Hükümetin Hartz IV yardımı alan emekçilere ve temel yaşlılık güvencesi statüsünde olanlara bir defaya mahsus 150 Euro ve on maske için bir defalık kupon verilmesi için karar alması 2021'e kadar sürdü.
Problem yüksek servet eşitsizliği
Yoksulluk araştırmacısı Christoph Butterwegge, DIW'den alınan rakamların, herhangi bir mal varlığı olmayan nüfusun yüzde 40'ının "geçimini sağlamakta güçlük çektiği" yönünde olduğunu gösterdiğini söyledi.
“Vatandaş parası” olarak adlandırmak kimseyi doyurmaz
Yoksulluk araştırmacısı şimdi Almanya'daki eşitsizliği ortadan kaldırmak için yeni federal hükümetten kapsamlı bir konsept talep ediyor.
Butterwegge, koalisyon sözleşmesinde "İşsizlik parası II'nin vatandaşlık ödeneği olarak adlandırılması elbette yoksulları doyurmaz" dedi.
Hartz IV yardımlarına 1 Ocak'ta yüzde birin altında bir artış yapılması ve aynı anda yüzde dört ila beş fiyat artışı, "yoksulların gelecek yıl daha da yoksul olacağı anlamına geliyor” demişti Butterwegge.
Küresel pandemi küresel yoksulluk haline geldi
Neredeyse iki yıldır küresel bir pandemi içindeyiz. Hepimiz için köklü değişiklikler anlamına gelen bu süreçte insanlığın çoğunluğunun cebine giren para daha da azaldı. Ancak pandemi dönemi çok az sayıdaki insanın zenginliğine zenginlik kattı.
Ekonomik tahlil raporları ekonomik büyümenin devam ettiğini, yeni işyerleri yaratıldığını gösteriyor. Ancak gelir skalasının diğer ucunda durum çok farklı. 2019 gibi erken bir tarihte, insanlığın neredeyse yarısı günde 5,50 dolarlık yoksulluk sınırının altında yaşıyordu. Bugün ise pandemi öncesine göre bunlara 163 milyon insan daha katıldı. Almanya'da da yoksulluk oranı yüzde 16,1'e ulaştı.
Zengin ve fakir arasındaki uçurum büyüyor. Adaletsizliğe karşı toplumda bir kabulleniş ruh hali hakim. Yoksulluk ne yazık ki hala yeterince konuşulmayan bir konu. Toplumsal eşitsizliği, nedenlerini ve olası çözümlerini toplumsal tartışmaya dahil etmek, yeniden düşünmeyi başlatmak için siyaset ve iş dünyası üzerindeki baskıyı artırmak gerekiyor.
“Gazeteler, radyo ve televizyon, bize dünyada olup bitenler hakkında bilgi verir. Çağımızın eğilimi de giderek daha çok bilgi sahibi olmak yönünde. Ancak bu da bilgi içinde boğulmamıza yol açıyor. Aşırı haber ve bilgi bolluğu, bizi her türlü bilgi ve habere karşı duyarsızlaştırıyor.”

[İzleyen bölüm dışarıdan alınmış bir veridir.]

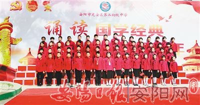| 5月8日下午,龙安区第二初级中学开展了以“诵读国学经典、致敬光辉百年”为主题的诵读展示活动。(尚建胜 摄) |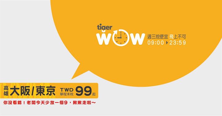 TIGER WOW週三挖便宜 虎航9/9限定 高雄-東京只要99起 高 雄– …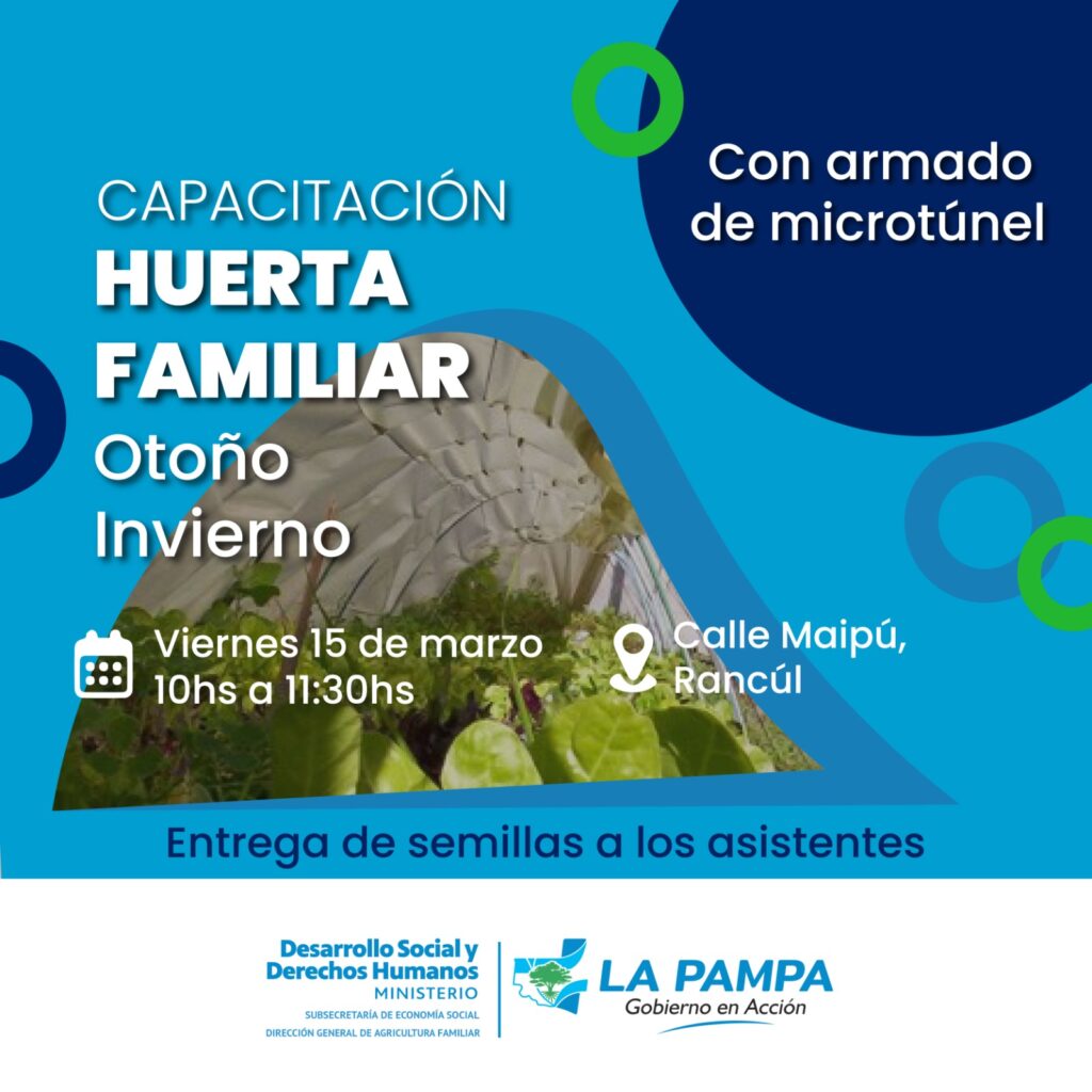 Desde la Delegación del Ministerio de Desarrollo Social con sede en Rancul, se invita a los vecinos a participar de una capacitación en Huerta Familiar que se desarrollará este proximo viernes 15, a las 10:00 Hs.

“Televizyon yayınlarının, ABD'nin Vietnam’dan çekilmesi yolunda olumlu etki yaptığı düşünülür bazen. (Savaş, oturma odalarına kadar getirilmiş ve insanların dehşete kapılarak, ülkelerinin bu işe karışmasına karşı çıkmalarına neden olmuştu).”
Ama o günden bu yana, öyle çok savaşlar, öyle çok açlık, öyle çok sefalet, öyle çok şiddet gördük ki televizyonun "Vietnam etkisi" artık ortadan kalktı.

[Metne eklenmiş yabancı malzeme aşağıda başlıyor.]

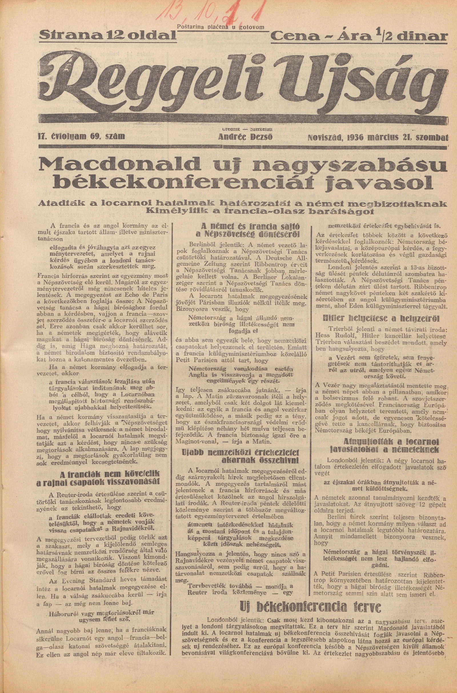 Reggeli Újság, 17. évf. 1936. március 21. 69. sz.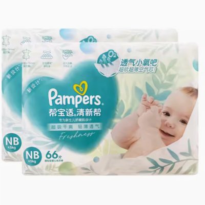 美国 帮宝适(Pampers)清新帮泡泡纸尿裤 NB66(<=5kg)新旧包装随机发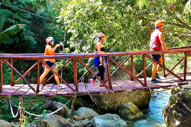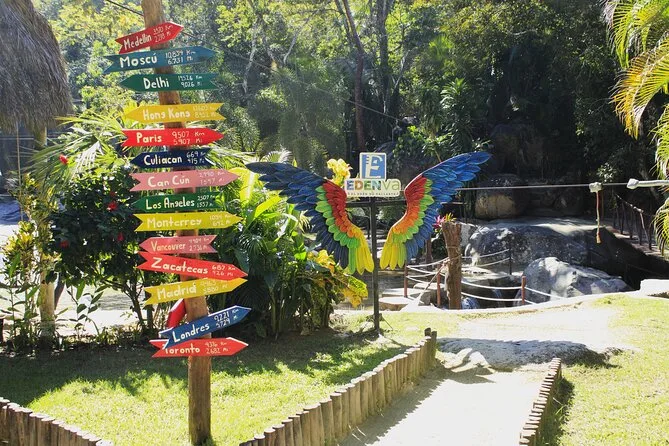 Volerai sopra le chiome degli alberi con il circuito zipline di Edenva, camminerai su sentieri ombrosi lungo il fiume nella Sierra Madre e ti rinfrescherai con un tuffo prima di assaggiare piatti locali al ristorante del parco. Trasporto privato e attività incluse rendono questa gita da Puerto Vallarta facile e piena di sorprese.

Çöpten yiyecek toplayanlara, dondurucu kış soğuklarında çadırlarda kalan çocuklara, AB sınırları içindeki mülteci kamplarında farelerle birlikte yaşayan insanlara, sokaklarda yaşam savaşı veren evsizlerin durumuna, çocuklara tecavüze, kadınların dövülmesine karşı insanlar duyarsız hale geldi.
İnsanlar artık ayrım yapamayan duyarsız bir toplum olma yolunda hızla ilerliyor.
Ayrım yapmak, aktif bir süreçtir. Hiçbir ayrım yapmadan, haberleri sadece izlemenin yol açtığı pasiflik, bizim kolayca yönetilmemizi ve manipüle edilmemizi sağlıyor.
Yazmak, kaydetmek ve yazdıklarımız üzerine düşünmek önemli. Bilgi ve haber selinin tutsaklığından ancak böyle kurtulabiliriz. Özel olaylara ve düşüncelere ilişkin günceler, hatıra defterleri tutabilir, band kayıtları yapabiliriz. Bu yalnız, bize olup bitenler üzerine düşünme olanağını sağlamakla kalmayacak, aynı zamanda, gelecek kuşaklara bizler tarafından hazırlanmış bir açıklama niteliği taşıyacaktır.